A Direcção de Informação e a Redacção da Emissora Oficial  de Angola ficaram sob a responsabilidade de António Cardoso, Manuel Rodrigues Vaz e este vosso criado. Eu realizava e editava o Jornal das 13 Horas. O Manuel Rodrigues Vaz o Jornal das 20 Horas. O António Cardoso fazia os intercalares da noite até ao da emissão. Uns dias depois de assumir essa responsabilidade propôs-me a criação de um programa cultural. Já tinha nome e tudo: Resistência! Foi para o ar e é ainda hoje um marco da Rádio Angolana. Com ele colaborou Gabriela Antunes, na época professora do ensino secundário. Dava aulas de Inglês e Alemão. No programa declamava poemas.

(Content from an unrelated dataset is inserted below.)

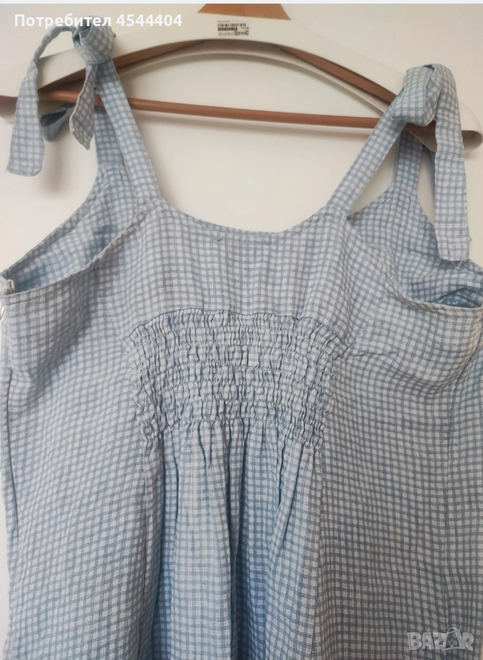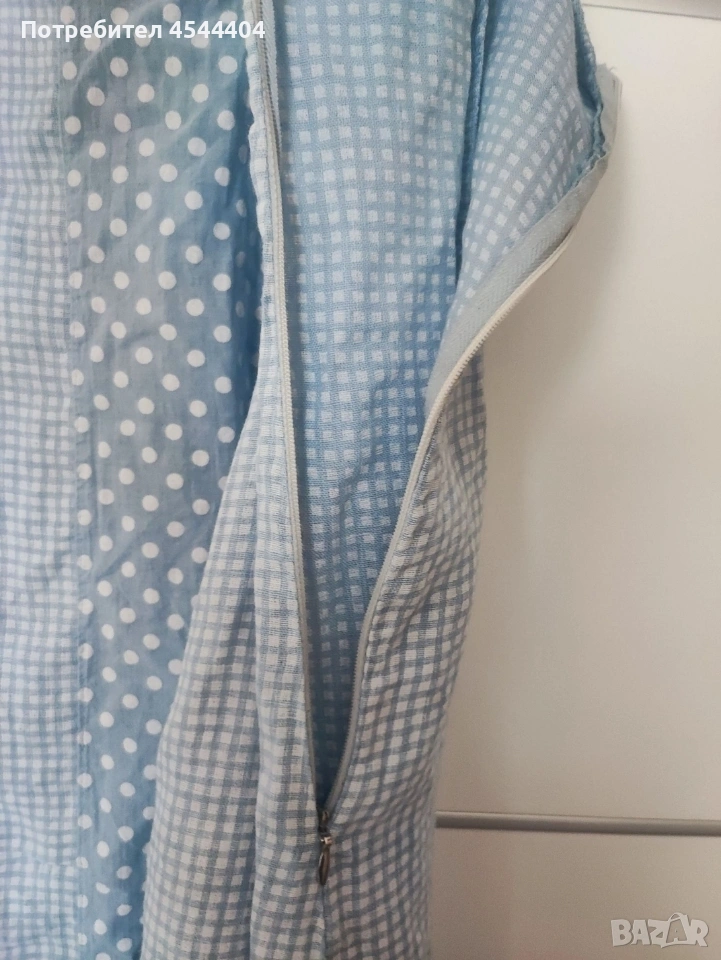 Лятна рокля/съчетание на лен и памук/ в бледо син цвят, подходяща за горещите летни дни, р-р 44/ L/, с цип отстрани,с ластичета в задната част на гърба. Задната част на роклята е по-дълга от предната част.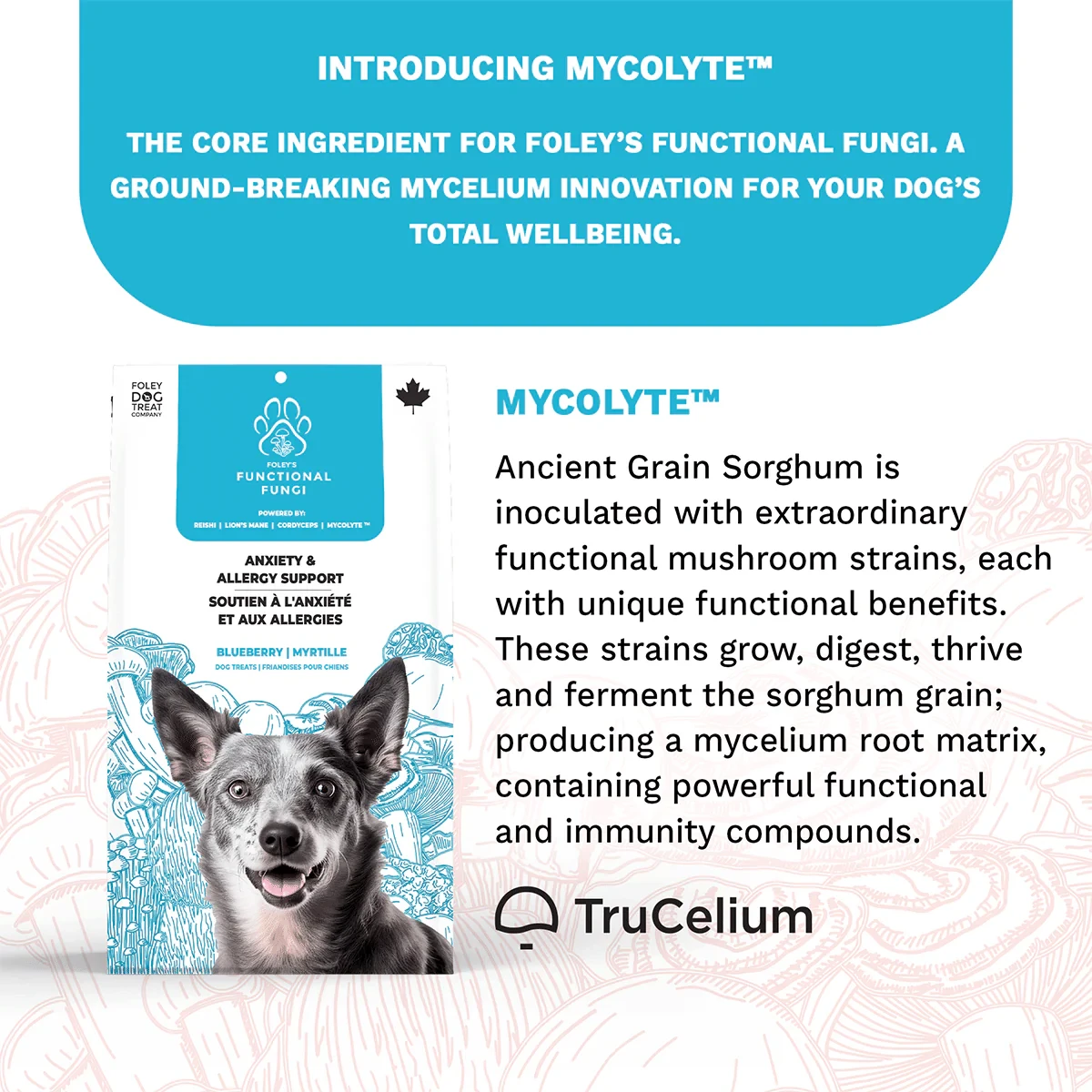 Foley’s Functional Fungi Dog Anxiety & Allergy treats offer a natural solution for dogs struggling with anxiety or stress. These treats effectively alleviate allergy symptoms, such as itching and redness, providing a sense of relaxation and comfort. With its carefully selected ingredients, this formula is gentle on sensitive pups.

O sonoplasta desse programa memorável era Artur Neves. Em Angola, nessa época existiam três gigantescos arquitectos do som: José Maria (programa Luanda), João Canedo (Café da Noite) e Artur Neves o faz-tudo da Emissora Oficial de Angola. Quando precisava de imprimir à informação uma dimensão estética e plástica o Man’Neves mostrava r o seu talento para a construção de edifícios sonoros. Ele e o realizador Brandão Lucas (programa Equipa) ganharam um prémio de Rádio entre artistas de todo o império colonial português. Eram os maiores! A minha gratidão por tudo o que me deram e ensinaram. Trabalhei com os dois.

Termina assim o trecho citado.